Bij het opstellen van een nieuwe langetermijnstrategie en een nieuw Klimaatplan in 2024, is het van belang oog te hebben voor de samenhang tussen klimaatbeleid en ander beleid. De transparantie, doelmatigheid en doeltreffendheid van klimaatbeleid en daarmee de integrale afwegingen, kunnen worden versterkt als er inzicht is in de uitgaven en lasten. Daarom is het advies aan het kabinet om een methodiek te ontwikkelen voor het definiëren en classificeren van alle klimaatuitgaven en -lasten. Daarnaast is het nodig om de cyclus van de Klimaatwet beter aan te laten sluiten op de begrotingscyclus. De Afdeling adviseert verder om in de Klimaatwet – ook rekening houdend met Europese ontwikkelingen – een nationaal tussendoel voor 2040 op te nemen.

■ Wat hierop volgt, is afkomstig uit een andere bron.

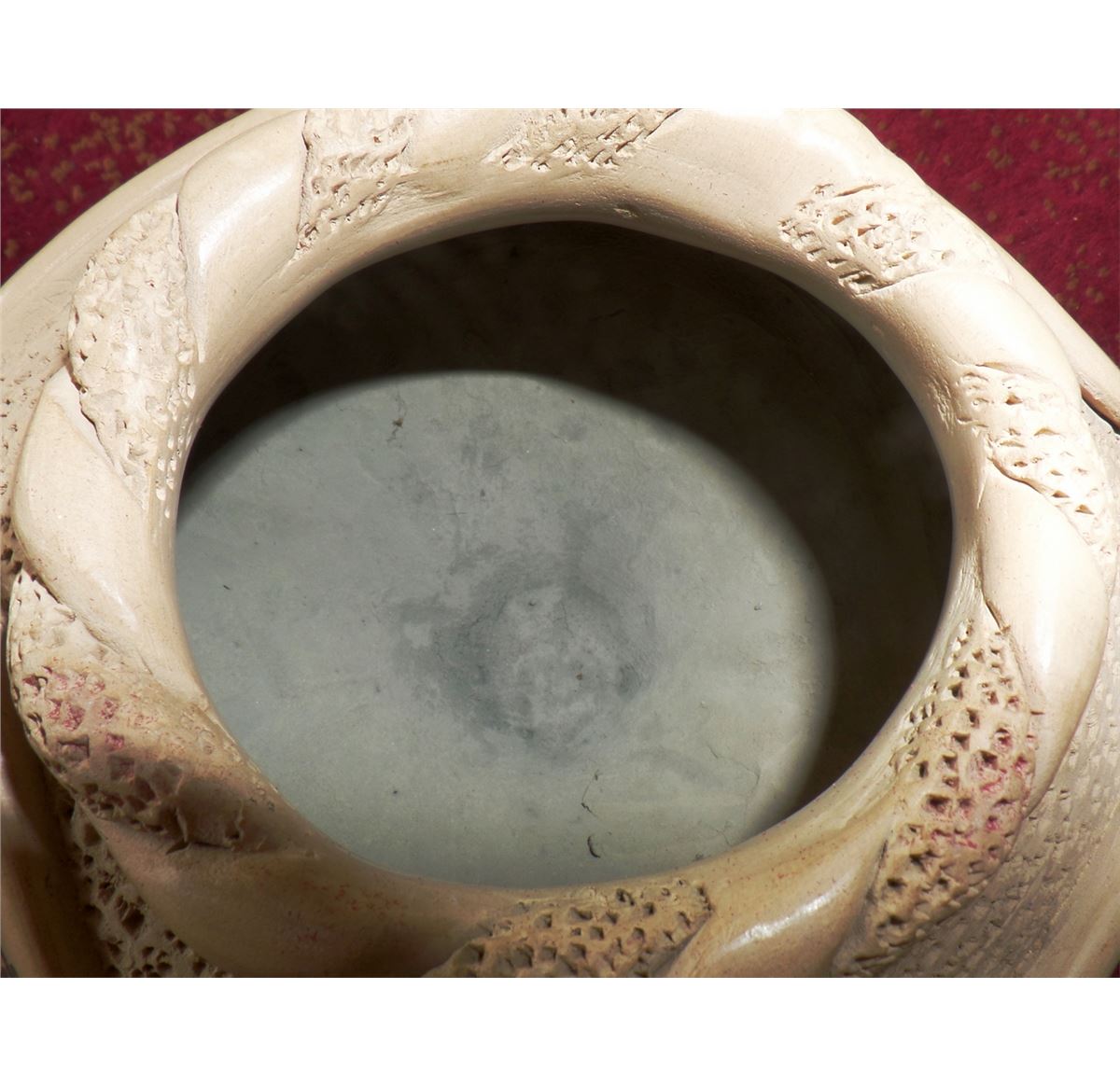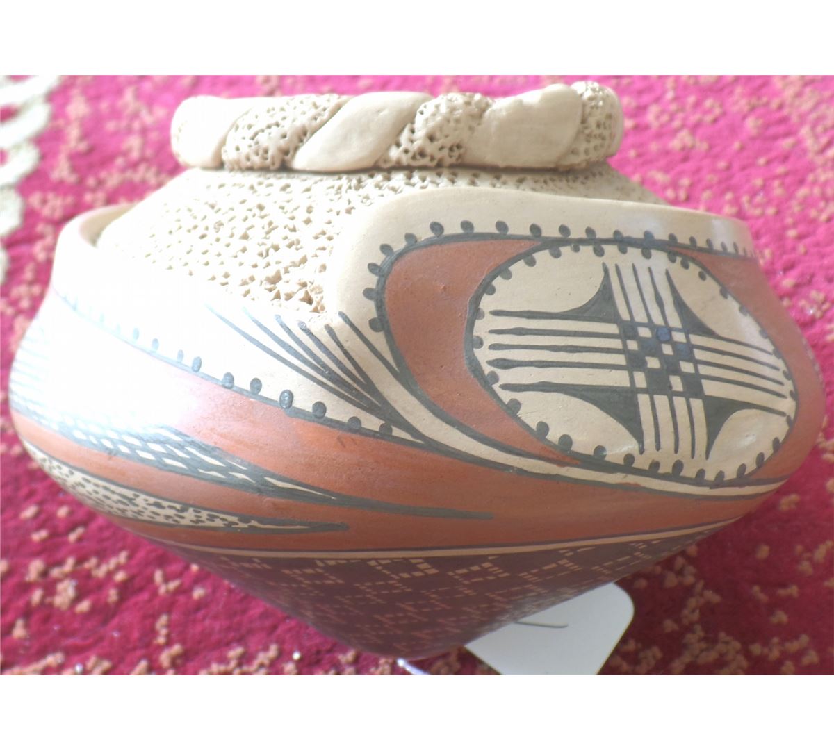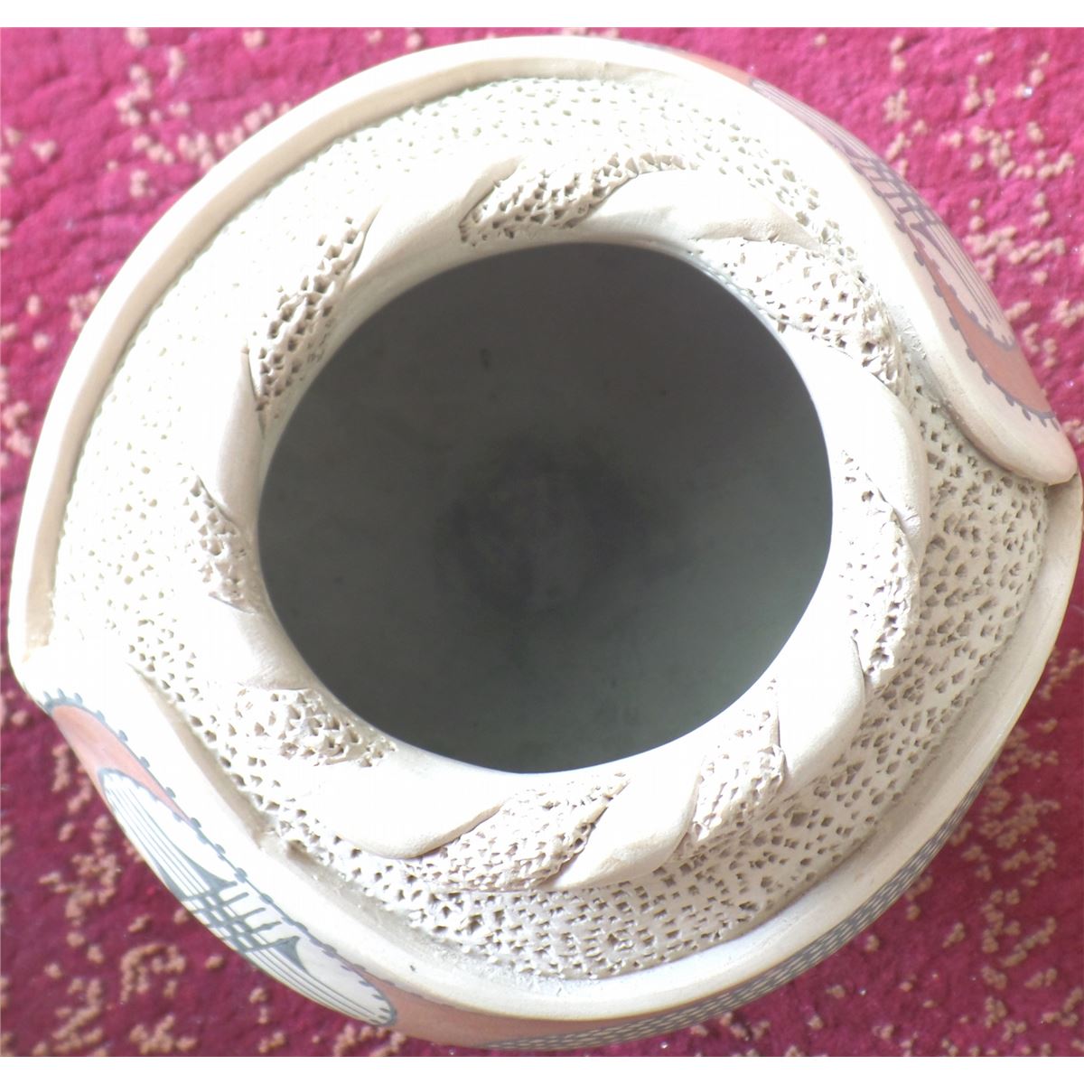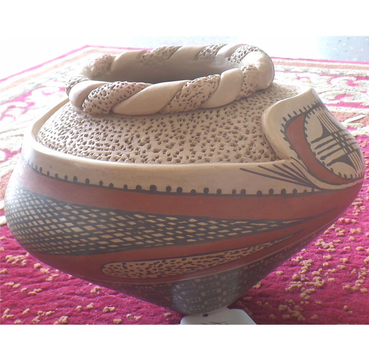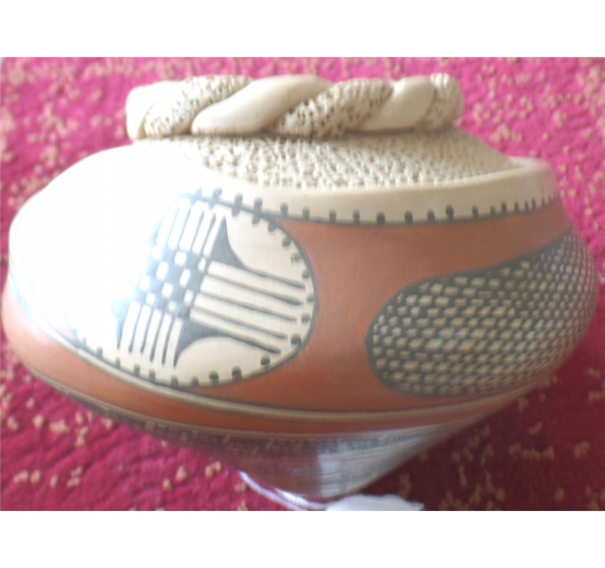 Mata Ortiz polychrome olla, signed by Dulcez n Meleno. This item is from the 1970's and measures 8x6 inches. It has a fancy geometric design with braided rim and lightening strikes. Condition: Very Fine Shipping: 30 must be double boxed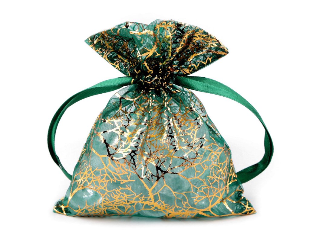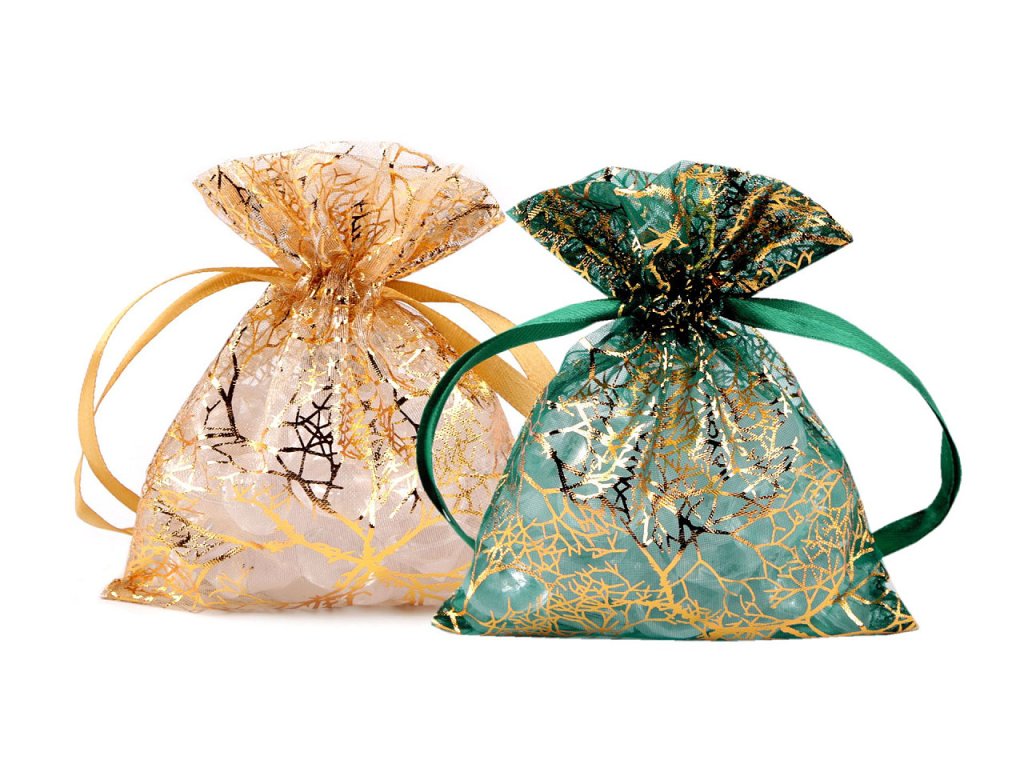 Dárkový pytlík zdobí zlatý metalický potisk větviček. Lze jej snadno uzavřít pomocí dvou stahovacích saténových šňůrek. Pytlík, vyrobený z organzy, je skvělým pomocníkem nejen při balení dárků, ale můžete do něj naaranžovat i sušené vonné květy apod. Je oblíbený i u příležitosti svatby na balení malých pozorností pro hosty.
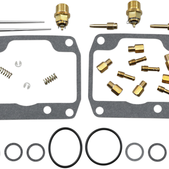 Caracteristicas: Kit includes all necessary O-rings, gaskets, jets, needle, mixture screw, float bowl screws, float valve needle and seat (needle jet and other pressed-in jets are not included in kit) NBR rubber material is used on all O-rings and rubber gaskets; NBR has excellent resistance to the ethanol used in today's fuels Applications that use paper float bowl gaskets are upgraded to High Performance Interference Gasket material Models with multiple carburetors include components to repair all carburetors OEM jet sizes and slide needles are included in the kit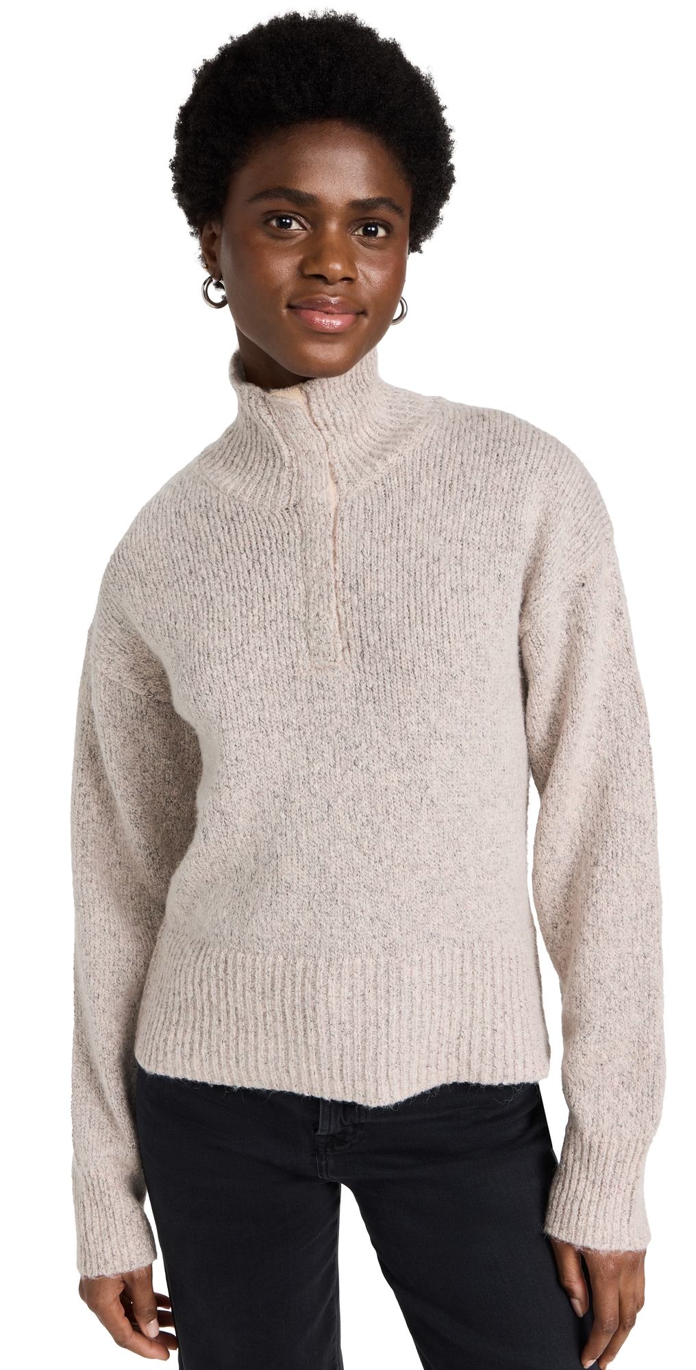 Fabric: Mid-weight, ribbed knit. Mock neck and long sleeves. Partial, hidden snap placket. Shell: 51% polyester/23% acrylic/19% cotton/6% wool/1% spandex. Wash cold or dry clean. Imported, China. Measurements: Measurements from size S Length: 21.25in / 54.0cm, from shoulder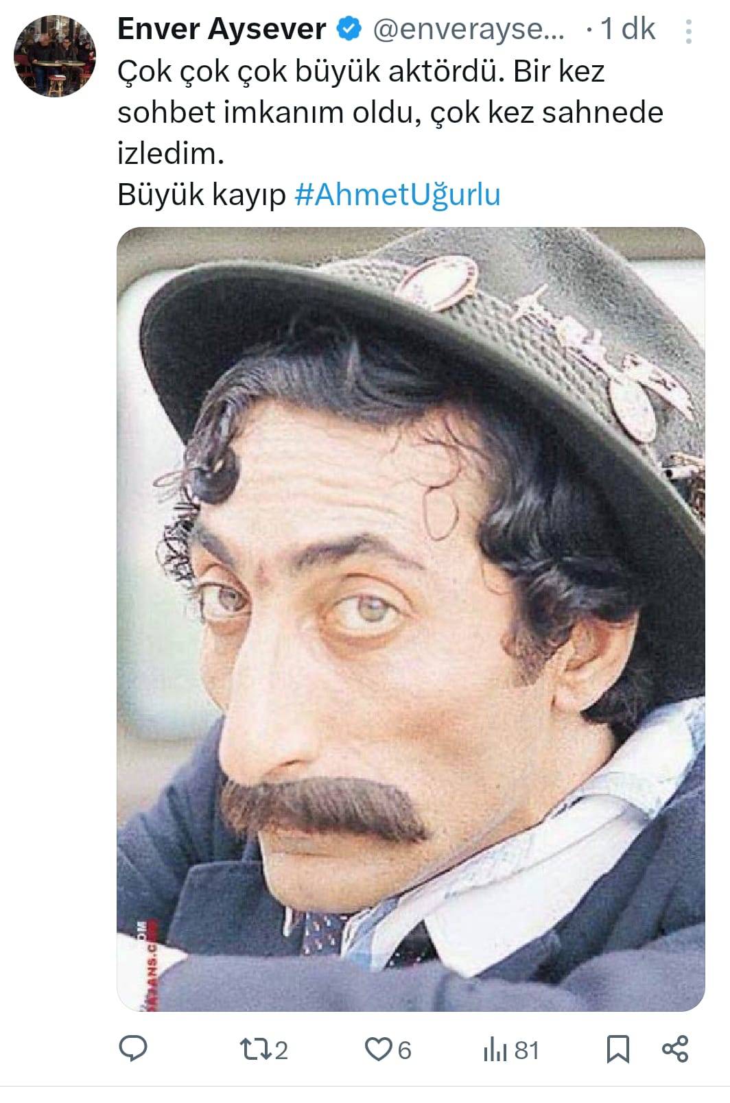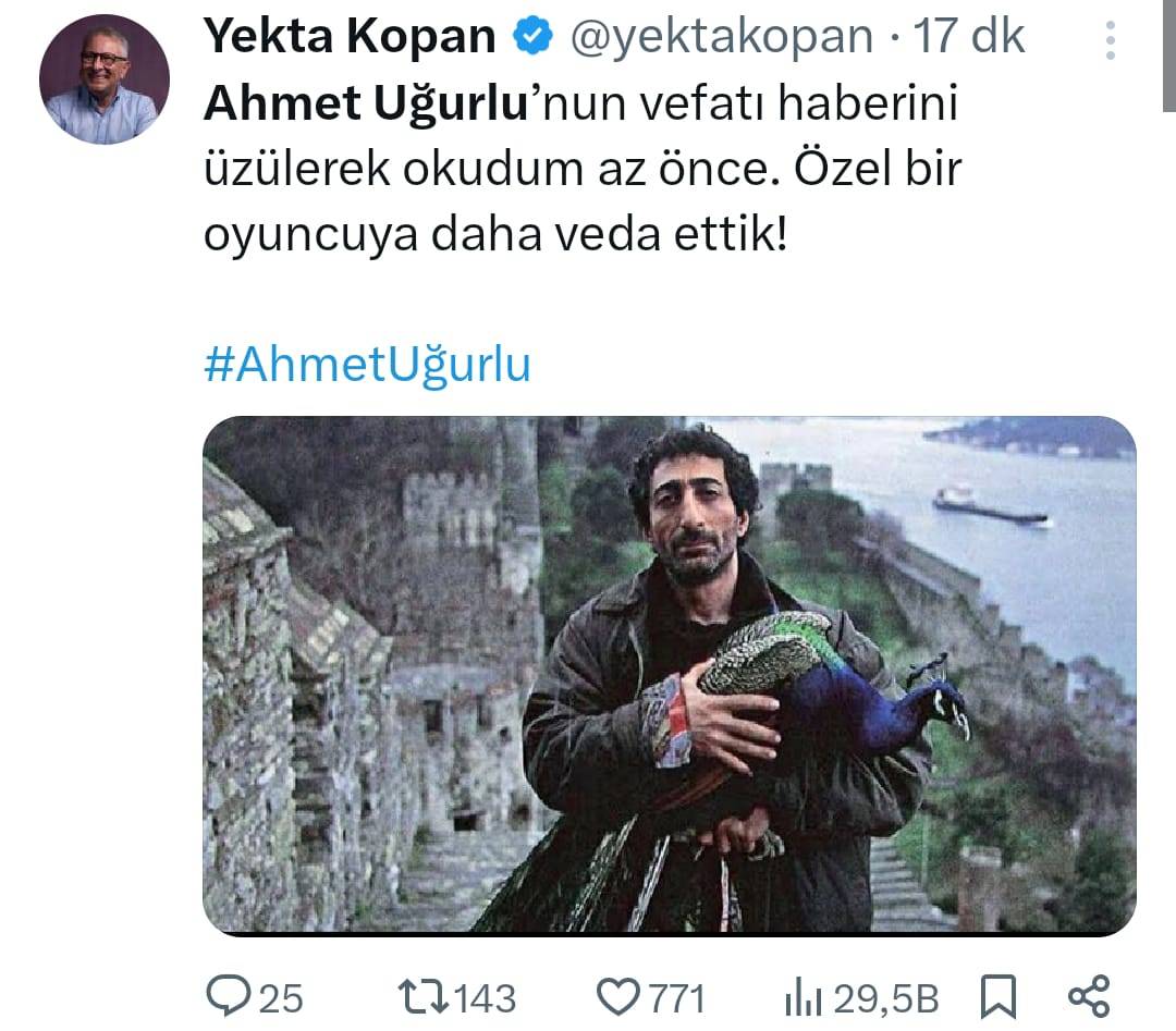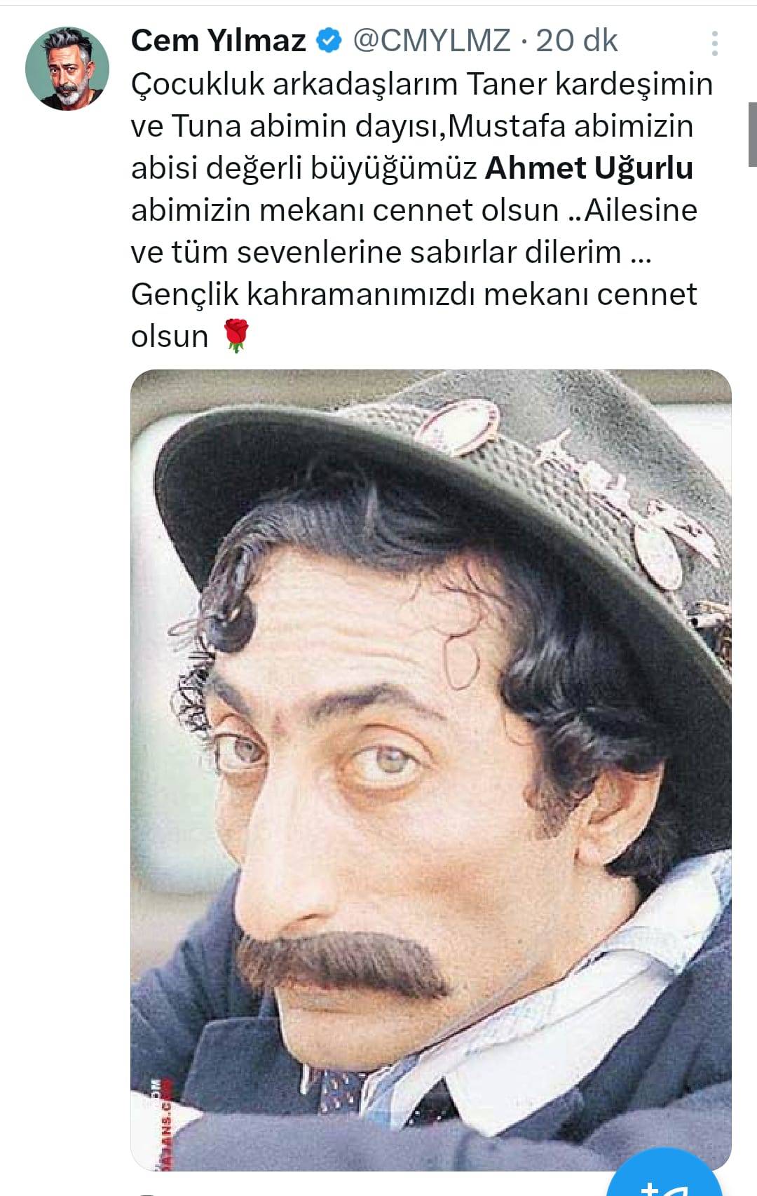 Sinema ve tiyatro dünyasının sevilen isimlerinden 71 yaşındaki Ahmet Uğurlu’nın vefat haberi sosyal medyada sanatçılar tarafından paylaşılarak sevenlerini üzdü. Ünlü komedyen Cem Yılmaz, sosyal medya platformu X üzerinden yaptığı paylaşımda, “Gençlik kahramanımızdı, mekanı cennet olsun” diyerek Uğurlu’nun vefatını duyurdu.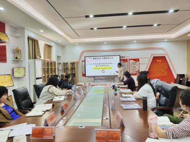 为落实立德树人根本任务,构建三全育人大格局,强化专业课思政德育功能,11月12日下午,经济贸易系财会教研室在袁慧老师组织下,开展《基础会计》课程思政教学研讨会。江西管理职业学院教务处王安娜处长、经济贸易系分管教学负责人胡越君参与了本次研讨活动。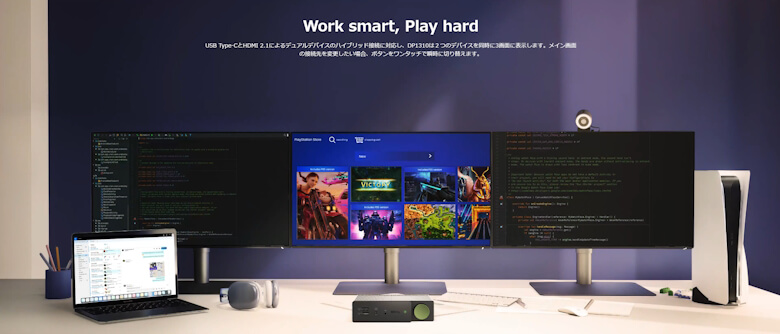 USB Type-CとHDMI 2.1によるデュアルデバイスのハイブリッド接続に対応し、2つのデバイスを同時に3画面に表示できます。
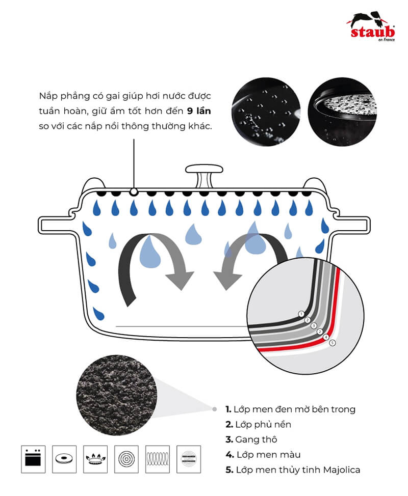 Nồi gang Staub được sản xuất hoàn toàn tại Pháp, bằng việc kết hợp giữa các yếu tố truyền thống và hiện đại, mang đên cho bạn những trải nghiệm tuyệt vời khi chế biến các món ninh, hầm, áp chảo. Thiết kế sang trọng, đẹp mắt, nổi bật khi sử dụng để trưng bày trên bàn ăn. Bên trong nồi được phủ lớp men đen, giúp hạn chế trầy xước và món ăn trở nên đẹp mắt hơn. Bên ngoài được phủ men thuỷ tinh, đảm bảo bền màu, hạn chế trầy xước. Núm nắp nồi được làm bằng niken với khả năng chịu nhiệt lên tới 250 độ C. Sử dụng được trên mọi loại bếp, kể cả bếp từ. Có thể vệ sinh bằng máy rửa chén.

De samenwerking tussen het Rijk, de provincies, gemeenten en waterschappen is cruciaal om de klimaatdoelstellingen te halen. De Afdeling adviseert daarom om in de Klimaatnota in te gaan op de verhouding tussen het Rijk en de medeoverheden.
De Klimaatwet geldt sinds 1 september 2019. Daarin heeft de Afdeling advisering een nieuwe taak gekregen: het toetsen van het klimaatbeleid van de regering. Ieder jaar schrijft de Afdeling advisering daar een beschouwing over. Hiervoor maakt de Afdeling gebruik van een toetsingskader.